アフガニスタン大統領選挙:各地で多少の混乱
先日,アフガニスタンの政治状況や大統領選について書いた(参照)が,今日がその大統領選の期日である。
The Guardianの記事によれば,無視できない程度の混乱があったものの,なんとか実施されたようである。
人口3100万人のうち,1200万人が有権者だという。そんな大量の人々が全国7000か所での投票を行うことになったが,治安の理由から900か所の投票所は閉鎖されてしまったという。
ローガル州(Lowgar)では投票所での爆発があり,4名負傷。ファーリヤーブ州(Fāryāb)では爆弾犯らしき人物が逮捕。

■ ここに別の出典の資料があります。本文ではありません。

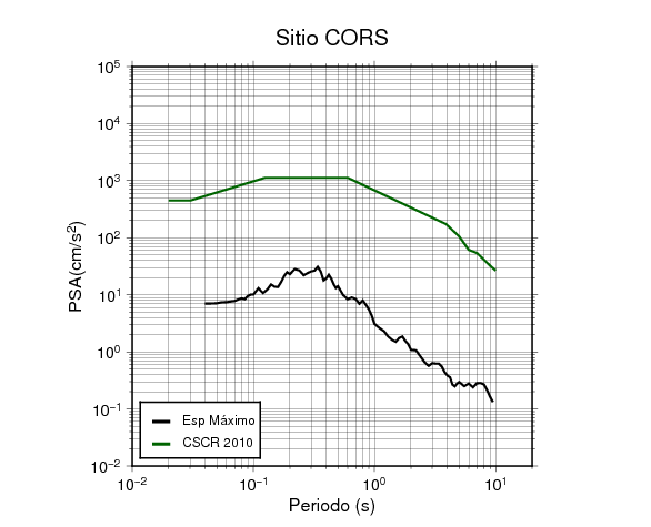 En los siguientes gráficos, la traza verde es el espectro propuesto por el CSCR-2010, la traza negra es el espectro máximo de este sismo. El valor de la amplitud está dado en pseudoaceleración en cm/s2.

このほか,あちこちの投票所で有権者が殺到して長蛇の列ができ,投票用紙が品切れになったり,投票時間の延長が行われたり,と混乱があった模様。
◆ ◆ ◆
そういえば,この選挙では誰が立候補しているのか,という話を書いていなかった。
カルザイ大統領はすでに2期務めているので,三選禁止の原則から立候補できない。
立候補者は27名いたが,そのうち11名が立候補を認められた。この11名の中からさらに脱落者が出ており,最終的には8名で争うことになった。
その8名のうちで有力なのはアブドラ・アブドラ元外務大臣,アシュラフ・ガニ・アフマドザイ元財務大臣,ザルマイ・ラスール前外務大臣らである。

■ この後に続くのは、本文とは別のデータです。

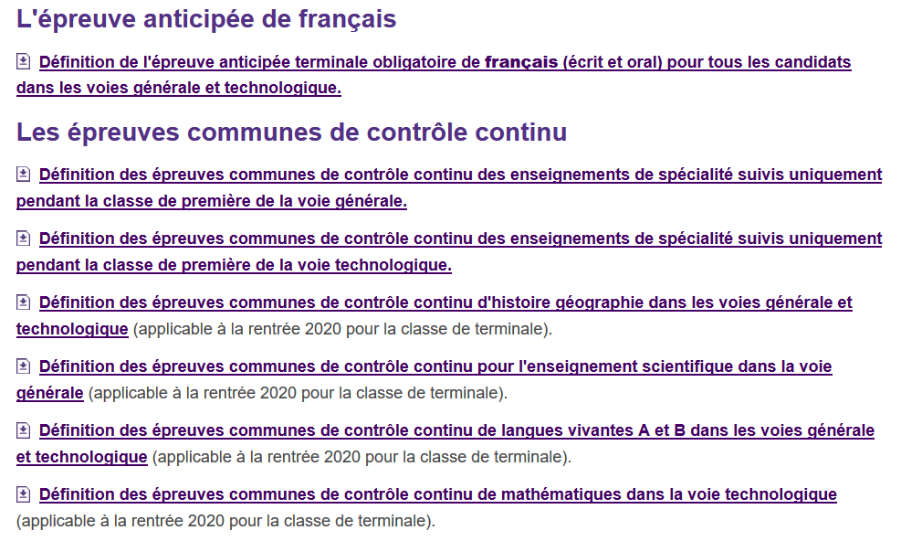 Bulletin Officiel du jeudi 25 avril 2019 : http://eduscol.education.fr/cid140706/bac-2021-les-definitions-d-epreuves-pour-l-annee-scolaire-2019-2020.html

カルザイ大統領の兄,アブドゥルカイユーム・カルザイ氏も立候補していたが,ザルマイ・ラスール前外務大臣の支持を表明して撤退した。
ザルマイ・ラスール前外務大臣は,カルザイ大統領が暫定政府を率いていたときには安全保障担当の大統領顧問を務めていた。カルザイ大統領の外遊時には必ず随行していたということであり,カルザイ大統領の側近である。まあ要するに,カルザイ大統領としては兄の立候補を取り下げさせてでも,ザルマイ・ラスール前外務大臣に次の大統領をやってほしいわけである。
アブドラ・アブドラ元外務大臣は前回の大統領選挙でカルザイ大統領の有力対抗馬となった人物である。その時は,カルザイ大統領の得票率が49.6%だったのに対し,アブドラ・アブドラ元外務大臣は得票率30%だったので,かなり強い支持を得ている。
というように,候補者の略歴や人間関係などは調べればすぐにわかるのだが,それぞれの政策などは良くわからない。アフガニスタンの大統領選では,有権者は候補者の主義主張で選ぶのではなく,人脈や出身部族や支持母体で選んでいるのではないか,と邪推しているが,どうでしょう?
アフガニスタン大統領選では,どの候補も過半数の得票を得られなかった場合,上位2名での決選投票が行われる。